**WORK ITEM**
When you reach a picture, pass over it; otherwise repeat the listing word for word.

**SOURCE MATERIAL**
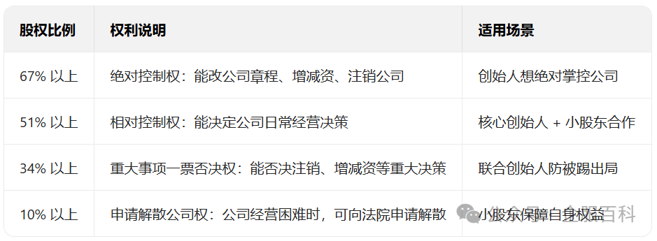股權比例是 “隱形炸彈”,很多合伙人創業時沒分好股權,后期因為決策權、分紅鬧掰。記住這 4 個關鍵比例,能避開 90% 的股權糾紛:
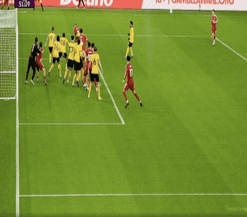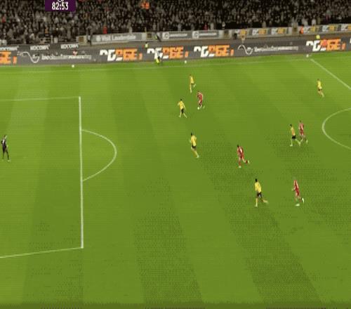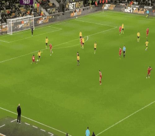 第78分鐘,狼隊打出快速反擊,在和范戴克的對抗中,阿洛克達爾有一個推人動作,羅德里戈·戈麥斯冷靜破門,狼隊主場取得領先。
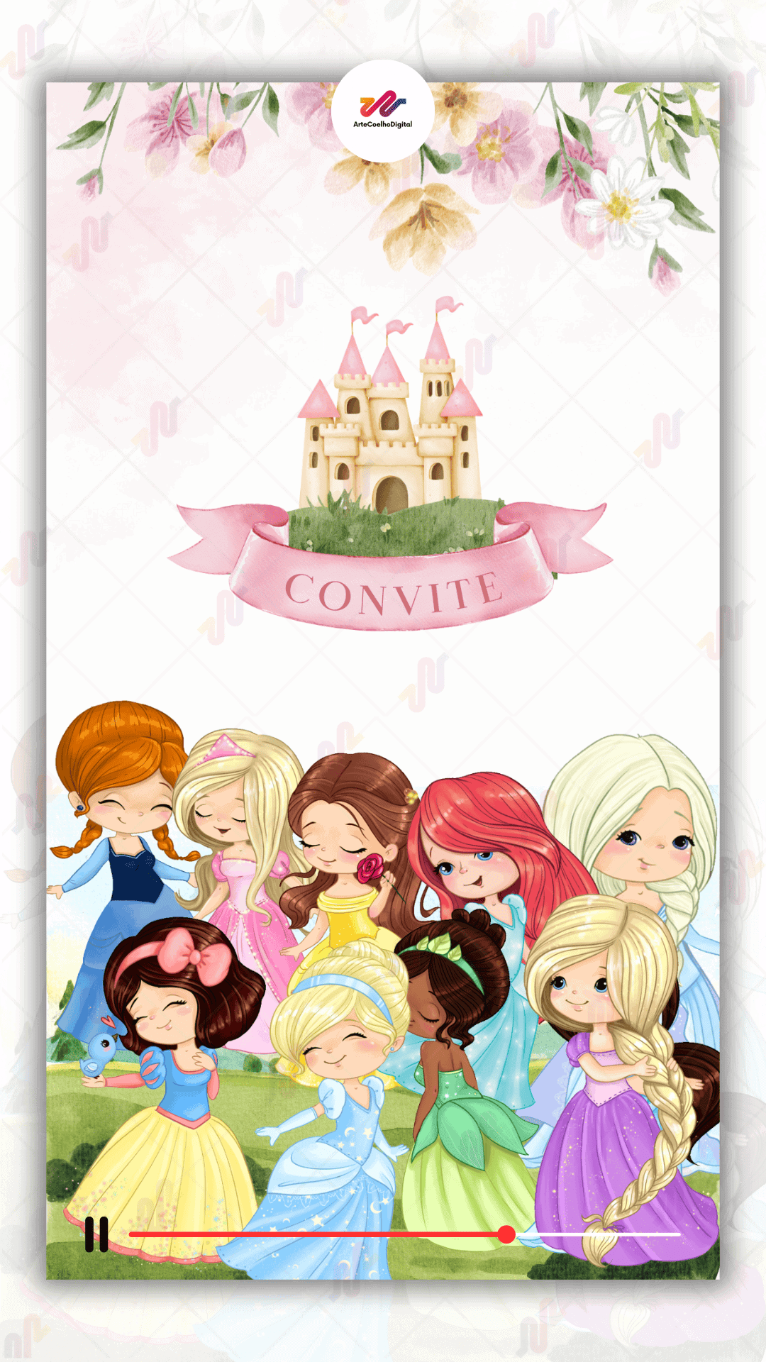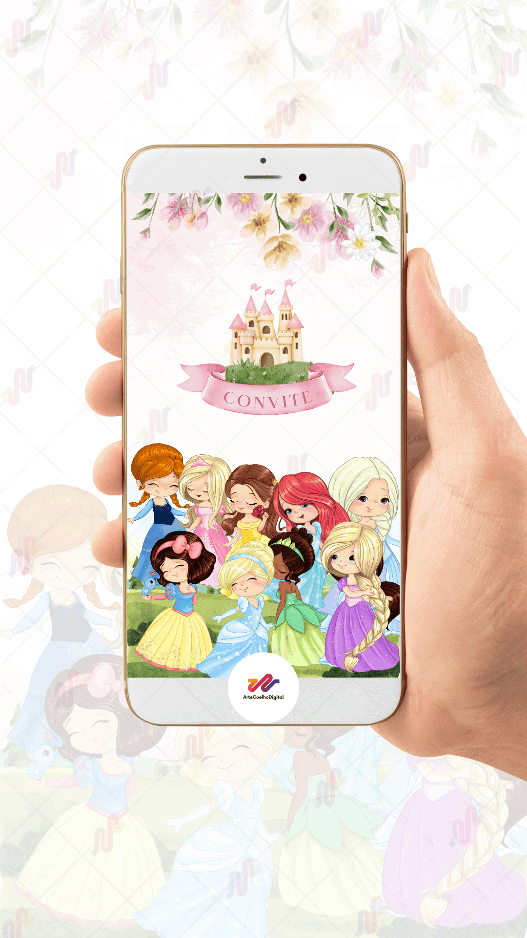 Convite Animado Plus Princesas Disney O preço original era: R$ 80,00.O preço atual é: R$ 75,00.

**RESPONSE TO THE EXERCISE**
股權比例是 “隱形炸彈”,很多合伙人創業時沒分好股權,后期因為決策權、分紅鬧掰。記住這 4 個關鍵比例,能避開 90% 的股權糾紛:
 第78分鐘,狼隊打出快速反擊,在和范戴克的對抗中,阿洛克達爾有一個推人動作,羅德里戈·戈麥斯冷靜破門,狼隊主場取得領先。
 Convite Animado Plus Princesas Disney O preço original era: R$ 80,00.O preço atual é: R$ 75,00.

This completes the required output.